Using only two interfaces still generates traffic, but not enough for the guest
to completely die under the pressure.
# dlstat -i 1|egrep 'LINK|lab0_'
LINK IPKTS RBYTES OPKTS OBYTES
lab0_1 52 2.23K 175.43M 15.46G
lab0_2 0 0 175.30M 15.45G
lab0_3 0 0 109.08M 9.82G
lab0_1 0 0 14.08K 1.10M
lab0_2 0 0 6.10K 476.48K
lab0_3 0 0 0 0
lab0_1 0 0 13.87K 1.08M
lab0_2 0 0 10.93K 853.61K
LINK IPKTS RBYTES OPKTS OBYTES
lab0_3 0 0 0 0
lab0_1 0 0 20.66K 1.61M
lab0_2 0 0 18.18K 1.42M
lab0_3 0 0 0 0
lab0_1 0 0 8.09K 630.88K
lab0_2 0 0 7.70K 600.67K
lab0_3 0 0 0 0
'snoop -v lab0_1' when using two NICs shows traffic from both ethernet
addresses:
# snoop -vd lab0_1|grep $(dladm show-vnic -po macaddress lab0_2)
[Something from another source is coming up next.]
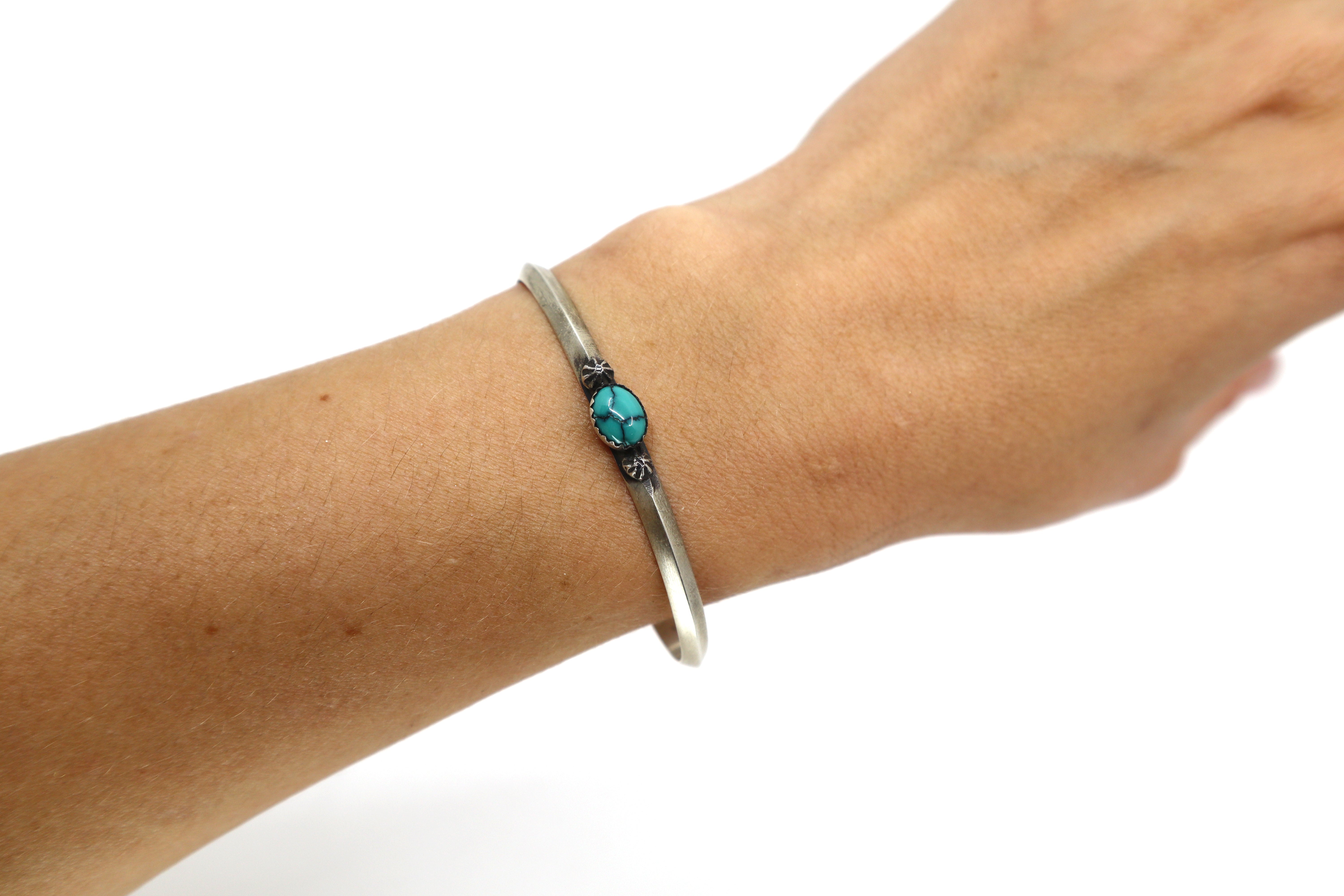 Handmade Navajo Sterling Turquoise Oval Cuff Bracelet PSTPC05

Using device lab0_1 (promiscuous mode)
ETHER: Source = 2:8:20:1a:59:e9,
[...]
Booting Debian with ipv6.disable=1 makes the immediate issue go away: doing ip
link set up eth0 does not generate traffic. However I was able to get the same symptoms with:
ip link set up eth0
ip addr add 192.168.10.1/24 dev eth0
ping 192.168.10.2
# (just to generate some arp traffic)
# hit ^C and wait for dlstat to go down to zero
ip link set up dev eth1
boom, ARP everywhere:
LINK IPKTS RBYTES OPKTS OBYTES
lab0_1 0 0 166.65K 7.00M
lab0_2 0 0 173.59K 7.29M
Updated by Robert Mustacchi about 6 years ago
- Assignee set to Robert Mustacchi
- % Done changed from 0 to 80
- Tags deleted (
needs-triage)
I've implemented DL_PROMISC_RX_ONLY as a means to achieve this. In my current work, it only does this via DLPI, but is not plumbed up in libdlpi at this time.
Updated by Lauri Tirkkonen over 4 years ago
In case it isn't clear, this also completely hoses ipv6 in guests even with one NIC, because DAD always fails.
Updated by Lauri Tirkkonen over 4 years ago
Lauri Tirkkonen wrote:
In case it isn't clear, this also completely hoses ipv6 in guests even with one NIC, because DAD always fails.
Actually, this is not true for an OmniOS guest, but it is for Linux.